Function to validate bins do the recursive decontamination using Louvain or Leiden algorithm

Parameters:¶

algorithmstr: Algorithm to use to recursively partition the network. Either leiden, louvain or spinglass.
assemblystr: Path to the assembly file used for the partition.
cluster_matrixbool: If True, build the clustering matrix and save it.
contig_data_filestr: Path to the contig data table to update.
final_fasta_dirstr: Path to write the final fasta decontaminated bins.
input_fasta_dirstr: Path to the directory where the fasta bin from the partition are.
iterationsint: Number of iterations to use for the recursive partition.
network_filestr: Path to the network file.
outdirstr: Path to the output directory where to write the output files.
overlapping_parameterint: Hamming distance threshold in percentage to use to consider to bins as one in the recursive partition.
recursive_fasta_dirstr: Path to write the fasta decontaminated bins.
resolution_parameterfloat: Resolution parameter to use if Leiden algorithm is chosen. It will be a factor of the cost function used. A resolution parameter of 1 will be equivalent as the modularity function used in Louvain. Higher these parameters, smaller the bins will be in the output.
sizeint: Threshold size in base pair of the output bins.
temp_directorystr: Path to the directory used to write temporary files.
threadsint: Number of threads to use.
prefixstr: Sample prefix to use.

Returns:¶

scipy.sparse.coo.coo_matrix:: Matrix with all the previously computed hamming distance between two contigs.

metator.validation.update_contigs_data_recursive(bin_id, contigs_data, recursive_bins, assembly, outdir, tmpdir, size, contamination, parent_dict, prefix)[source]¶

Update the data of the bin according to the recursive step and generated their fasta.

Parameters:¶

bin_idstr: Name of the parental bin.
contigs_datapandas.DataFrame: Table with all the data from the contigs.
recursive_binsdict: Dictionnary which has as keys the values of the recursive iterations from Louvain or Leiden separated by a semicolon and as values the list of the id of the contigs.
assemblystr: Path to the fasta file.
outdirstr: Path to the output directory to write the new fasta.
tmpdirstr: Path to the file where to write the temporary contigs list.
sizeint: Size threshold to generate fasta.
contaminationboolean: True if one bin has already been generated, false otherwise.
parent_dictdict: Dictionnary with recursive bin_id as key and parent bin as values.
prefixstr: Sample prefix to use.

Returns:¶

boolean:: True if one bin has already been generated, false otherwise.
pandas.DataFrame: Updated dictionnary which has as keys the values of the iterations from the recursive partition separated by a semicolon and as values the list of the id of the contigs.
dict: Dictionnary with recursive bin_id as key and parent bin as values.

metator.validation.write_bins_contigs(bin_summary, contigs_data, outfile, prefix)[source]¶

Function to write a table with the nodes kept in the bins and their bin id.

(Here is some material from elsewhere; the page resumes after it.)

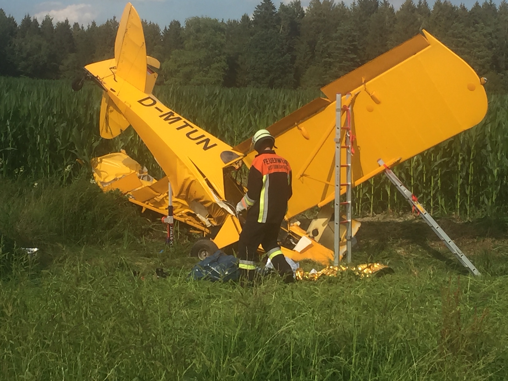 Alarm für die Feuerwehren im westlichen Landkreis Rosenheim und im Landkreis Ebersberg: Zwischen Tuntenhausen und Aßling ist nahe der Staatsstraße 2080 am Mittwochnachmittag gegen 16.30 Uhr ein Leichtflugzeug abgestürzt. Auch Notärzte und Rettungsdienst wurden alarmiert. Im Einsatz sind die Wehren aus Tuntenhausen, Ostermünchen, Aßling und Lampferding. Von der Unfallstelle heißt es, dass die beiden Flugzeuginsassen schwer verletzt wurden. Fotos: Georg Barth
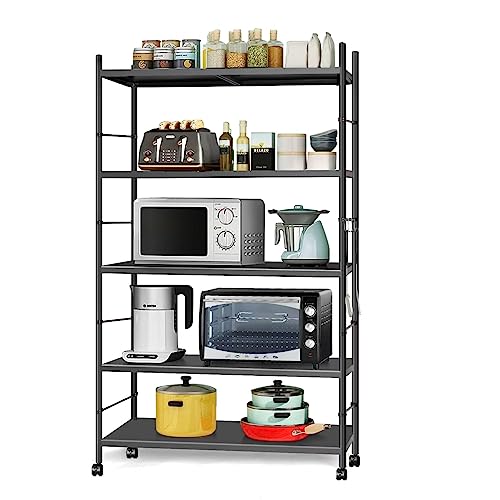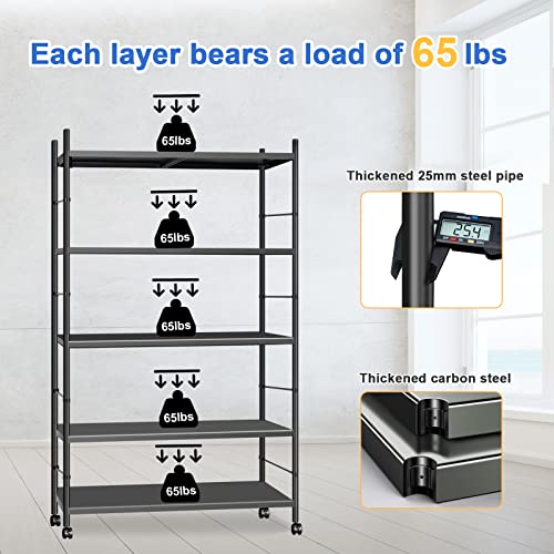 HIGH QUALITY MATERIAL: The 5 tier shelf is made of carbon steel, solid and durable. The surface of the shelf is coated to be water, rust, scratch and corrosion resistant. No problem in the kitchen or bathroom. 38.6*15.1*67in.325lbs load capacity.

The file is adapted to be added in anvio.

Parameters:¶

bin_summarydict: Dictionnary with the informations of the final bins kept by MetaTOR.
contigs_datapandas.core.frame.DataFrame: Dataframe with the contigs informations.
outfilestr: Path where to write the output file.
prefixstr: Sample prefix to use.

Returns:¶

pandas.core.frame.DataFrame: Dataframe with the contigs informations with the final bin information.